Oracle IRM allows the resealing, or reclassification of content.
Another example, depending on the classification model, is the ability to reclassify the documents themselves. Lets say that in the above example we had a document classified as "35nm technology - chip designs" and the document actually had some new content insert which contained details on a 22nm technology. This document now needs to be reclassified. Oracle IRM allows you to re-encrypt the document from "35nm technology - chip designs" to "22nm technology - chip designs". This can either be done by the end user or en mass automatically. It could be a change on meta data in the content repository and all documents get reclassified automatically.
Oracle IRM 11g brings even more dynamic possibilities
Now there are still some limitations here, documents still have some sort of descriptive classification that needs to be managed and is relatively static. The next release of Oracle IRM makes another big leap in this area, i'll let the words of Andy Peet explain.
"The next generation of IRM will see truly dynamic classifications; where a document is categorized by its content and not according to a security classification in place when the document was created. This enables the classification to evolve as the content enters different stages of its lifecycle. Take the simple example of document workflow: a set of marketing collateral for an exciting new campaign is being collaborated on (highly restricted), then the collateral is sent off for wider internal review (company confidential), after review the collateral is shared with trusted external partners (restricted) and eventually at the launch of the campaign the collateral is revealed to consumers (public). This demonstrates how the same content has its classification dynamically changing; it is exactly these processes that Oracle IRM will be supporting in future releases as the technology evolves to match the business requirements."

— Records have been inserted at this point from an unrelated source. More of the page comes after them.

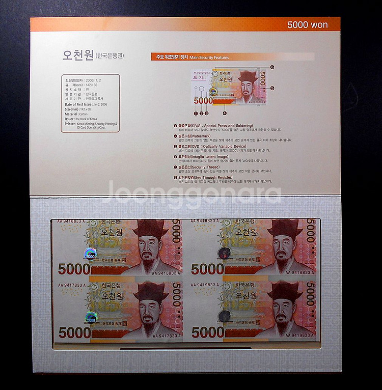 한국은행 2022년 5차 5,000원 완전미사용 지폐 4매 오천원 연결권 지폐첩 ※ 매매상담환영 : 010-7514-4349 신뢰와 전통의 취미화폐사는 화폐상담을 환영하며 고가매입도 해드립니다. 취미화폐사는 조선은행 한국은행의 모든 지폐와 주화 및 금화 은화 동화 등 기념주화 민트세트와 우표 우표책 우표앨범 그리고 미국 일본 유럽 아시아 등 외국화폐와 주나라 송나라 청나라의 고전과 고려시대의 삼한통보 동국통보 조선시대의 조선통보 상평통보 대한제국의 은화 및 청동화 등 모든 지폐와 주화 및 우표 등을 고가에 매입하고 저렴하게 판매하며 정확한 감정을 해드리고 있으며 100% 진품만을 취급합니다. 구매하신 상품은 훼손방지를 위하여 홀더와 마운트에 정성껏 넣어서 드립니다. 여러건 구매시 묶음배송하므로 1건만 선결제하시면 우체국 택배로 익일에 도착합니다. 취미화폐사로 검색하시고 언제든지 매매상담하세요~! 감사합니다.
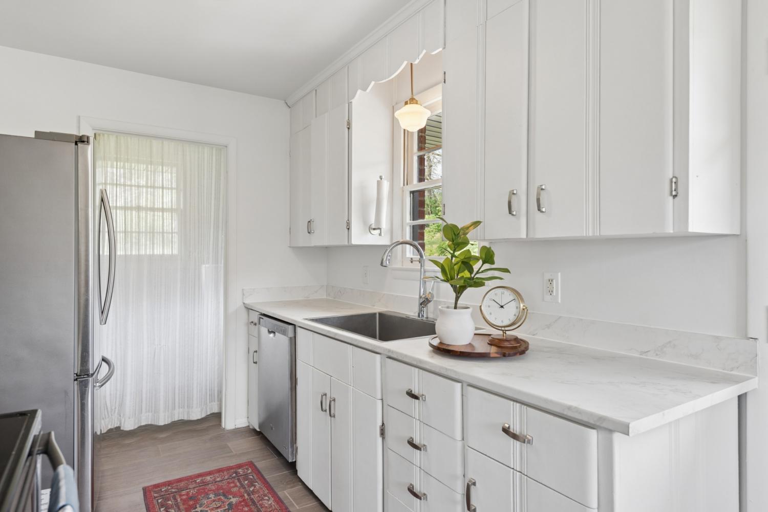 Move right in to this updated 3-bedroom, 1-bath midcentury ranch that perfectly blends vintage charm with thoughtful modern improvements set on over half an acre. Original hardwood floors run throughout the home add warmth and character. The kitchen features brand-new porcelain tile flooring, new countertops, stainless steel appliances, and a dedicated laundry room just off the kitchen for everyday convenience. Outside, the property truly shines. The large, fully fenced front yard includes established garden beds ready for spring planting and a spacious storage shed for all your homesteading dreams. A newly landscaped front yard and brand-new walkway to the front door elevate the curb appeal even further. Major behind the scenes upgrades offer peace of mind, including a newly encapsulated crawl space and new sump pump. The unfinished basement provides abundant storage and a safe storm shelter. Tucked in a charming neighborhood filled with large lots and classic homes, you’ll enjoy peaceful surroundings while still providing convenience: just 15 minutes to downtown Nashville, 10 minutes to Rivergate and East Nashville, 5 minutes to Cedar Hill Park, and 10 minutes to Bates Nursery to help fill those garden beds! Ask about the 100% financing, no PMI loan available for qualified owner occupants!
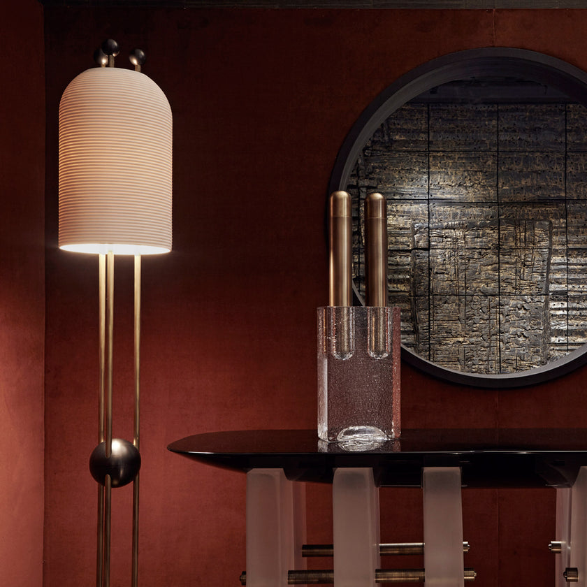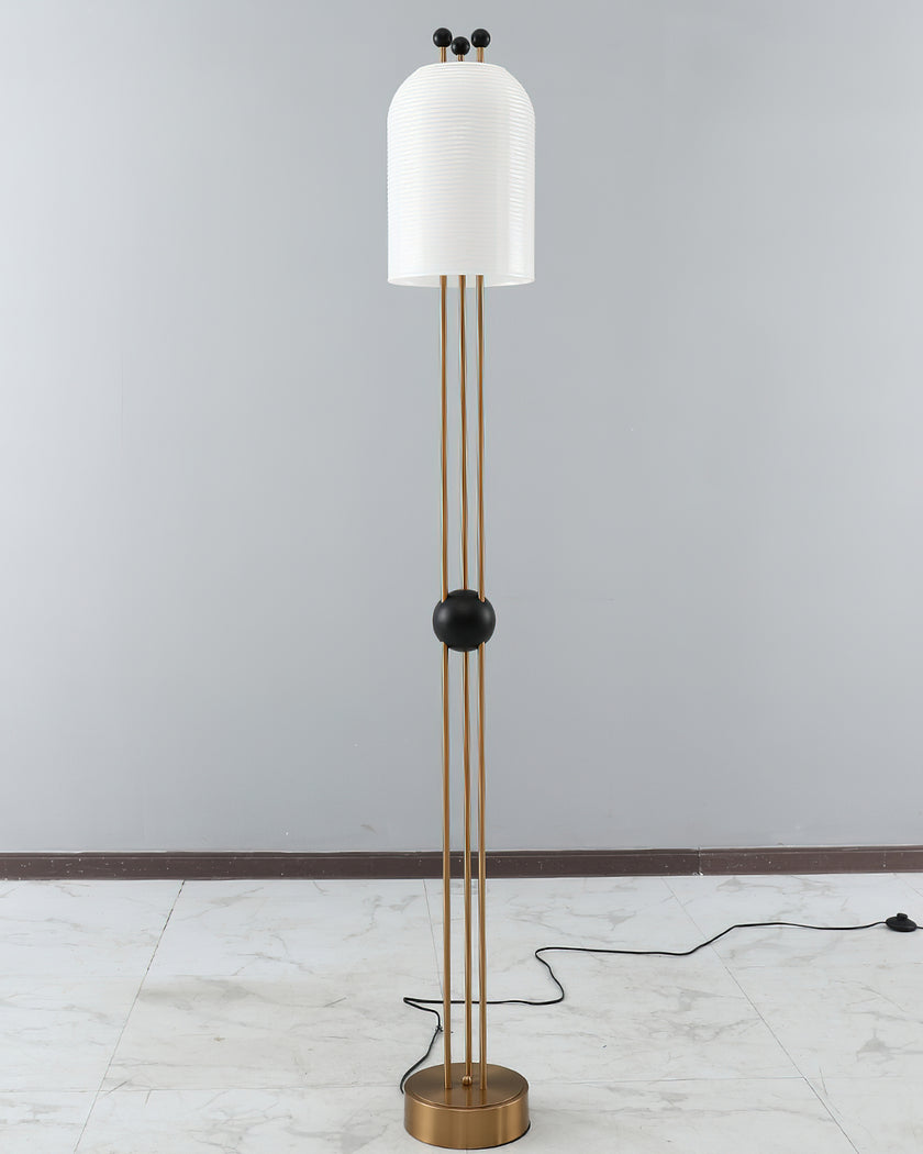 It is introducing the Bertha Floor Lamp by Mooijane - a stunning fusion of modern style and elegant design. Featuring a durable iron and glass construction, its crisp white shade adds a touch of sophistication to any room. Illuminate your home with style and elegance, making this chandelier the perfect centerpiece of any modern decor.
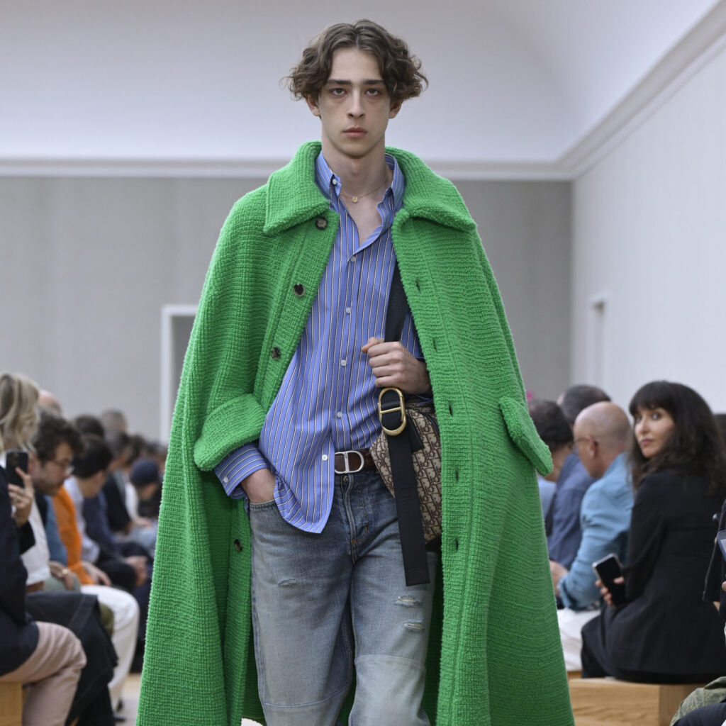 在品牌一貫淡雅之間,設計概念始終如一。材質方面,系列透過多個細節進行扭轉,皮革鏤空編織勾勒肩膊線條,或者變成鏤空格紋襯衫,展現透亮效果,也為穿搭增添時尚感。馬鞍靈感的雙行明線成為標誌性細節,高科技帆布製成外套、寬鬆短版長褲與露趾涼鞋,完美修飾身形比例之餘,又能帶出貴公子的低調奢華。就算是系列中相對休閒的款式,絲質斜紋布襯衫或錯位褶襇的混紡襯衫,依舊大方得體而輕盈舒適。
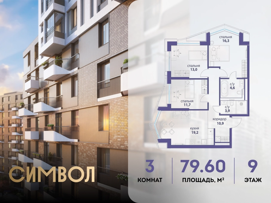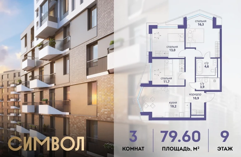 Продается 3-комнатная квартира от застройщика: общая площадь 79.60 м², жилая 41.00 м², кухня 19.20 м², 9-й этаж, жилой квартал «Вдохновение», корпус 33 (секция 3). Срок сдачи: 4 квартал 2027 года. <br> <br>Действует большой выбор скидок и ипотечных программ: вы можете выбрать те, что подходят именно вам. <br> <br>Акции и рассрочка: <br>• Видовые квартиры. Старт продаж! <br>• Беспроцентная рассрочка! <br> <br>Позвоните сейчас и забронируйте квартиру! <br> <br>Квартал бизнес-класса СИМВОЛ — это городское пространство нового поколения в историческом районе Лефортово, на границе ЦАО, в 2 км от Садового кольца. <br>Бионическая архитектура СИМВОЛА превратила Лефортово в суперсовременное и модное пространство. Из окон, с балконов и террас просторных квартир СИМВОЛА открываются отличные виды на город и новый парк «Зеленая река», «протекающий» через все кварталы комплекса на 2 км. <br>В квартале уже есть все, что нужно для комфортной жизни: кафе и рестораны, супермаркеты и магазины, медицинские и физкультурно-оздоровительные центры, салоны красоты и барбершопы, аптеки и оптики, химчистки, пункты доставки и другие сервисы — всего более 90 действующих объектов внутриквартальной инфраструктуры. <br>Для юных жителей СИМВОЛА открыты детский сад и инженерный лицей при МГТУ им. Баумана. <br> <br>Особенности квартала: <br>• Свой парк «Зеленая Река» - 10 га зелени и развлечений на любой вкус! <br>• Уникальная для Москвы архитектура - Проект создан архитектурной мастерской ATRIUM по дизайн-коду британских бюро LDA Design и UHA London. <br>• Богатая инфраструктура с детскими садами и лицеем им. Баумана, кафе и ресторанами, супермаркетами и аптеками, зоной для фитнеса, бассейном и мед. центром. <br>• Квартиры с панорамными окнами, террасами, ванными с окнами и каминами редких форматов. <br>• Закрытые безопасные зелёные дворы-парки без машин!О застройщике
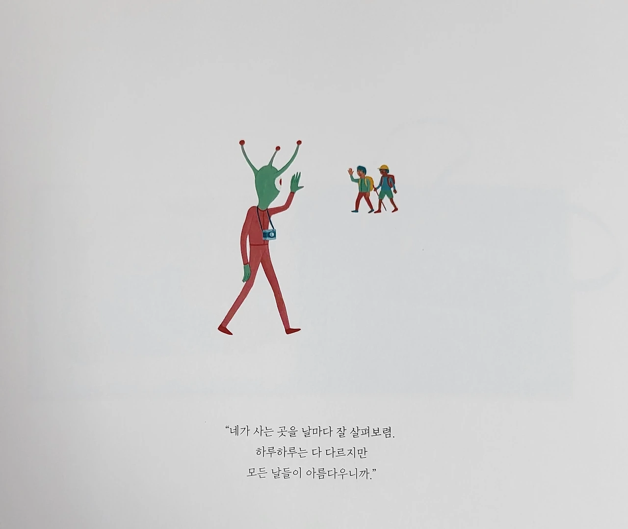 타인은 때때로 지옥일 때가 있다. 분명 그런 사람들도 그런 상황들도 존재한다. 하지만 타인 없이는 우리는 살 수 없다. 타인을 그저 타인으로만 보지 않았으면 좋겠다. 우리 삶의 장면의 일부를 차지하고 있는 소중한 구성원이라는 걸 기억하기를. 늘 우연히 마주친 모든 사람은 나에게 있어서는 외계인이다. 오랫동안 함께 지내온 가족들도 나의 세계 밖에 있는 외계인이고, 내 뱃속에서 나온 나의 자식도 그 속내를 알 수 없는 다른 차원에 존재하는 외계인이다. 그러나 우리는 같은 시간을 공유하고 같은 공간도 내어주며 서로의 소중한 것을 나누며 살아간다는 걸, 우리 모두가 기억하면 좋겠다. 그럼 우리의 모든 날들도 하나같이 다 아름다워지지 않을까.

So yes, there is a huge challenge in trying to apply a classification model to information. In theory it would be fantastic if it was possible to have security always use dynamic classification but in reality this isn't available yet with current technologies. Oracle IRM is close and by far the leading IRM technology which has a lot of the required capabilities. From its creation it has separated the rights from the information which is crucial to an effective, large scale enterprise rights solution.
We see in the real world that IRM is applied at a high level and in simple scenarios, for instance insuring all sensitive content about a large acquisition is protected or a corporate wide classification as a catch all to sensitive data. Our experience is that simplicity is key and we are often advising customers to make compromises between the complex regulatory controls, complex inter-enterprise security requirements and apply IRM with large scale simple classifications.